I have a problem with “welfare-to-work”
There are many possible problems with welfare-to-work plans and rules. The county might take your benefits away (sanction you) for breaking a rule. The county might not give you supportive services such as transportation or child care that you need. The county might say that you must do work activity even though your ability to work is limited because of a disability or some other good reason. The county might tell you you cannot do what you want for welfare-to-work, such as telling you that you cannot go to school.
The county should give you a written notice telling you what the county is doing about your welfare-to-work. If you think the county is wrong, you can appeal and have your case heard by an independent hearing officer. You have 90 days from the date of the written notice to appeal your case. If you have a very good reason for appealing late, you can appeal up to 180 days after the date of the written notice. If the county does not give you a written notice but takes some action you disagree with, you can still appeal. If your notice does not meet legal requirements, such as not giving a reason or not being in your primary language, you can appeal even after that.

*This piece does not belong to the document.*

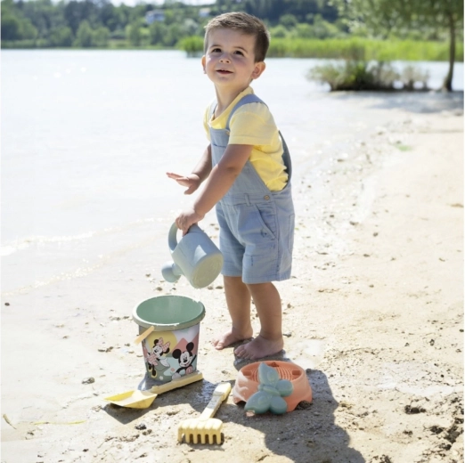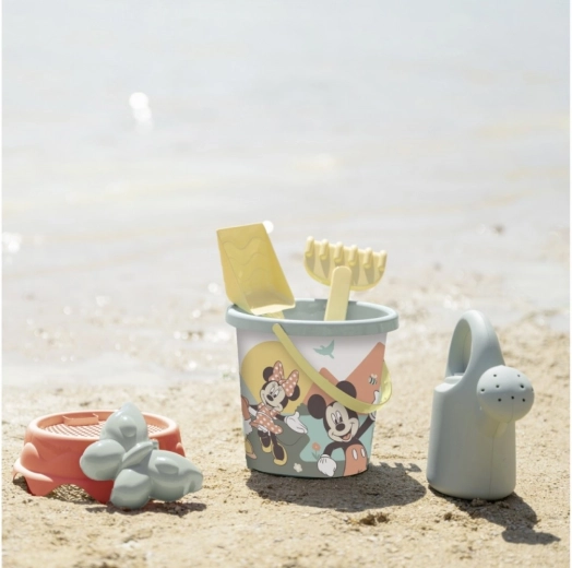 Sættet indeholder en spand med billede af Mickey Mouse, rive, skovl, sandform og vandkande. Der er anvendt genanvendt plast i produktionen. Fremstillet i Frankrig.

Once you appeal, there will be a hearing scheduled for you to explain why you disagree with the county’s action and for a hearing officer to decide if the county is right or wrong. If the hearing officer decides you are right, the hearing officer can order the county to fix the problem.
Look on the back of the written notice for instructions about how to appeal. If you do not have a notice, go to the State Hearings Division for information. You can also appeal online at the State Hearings Division.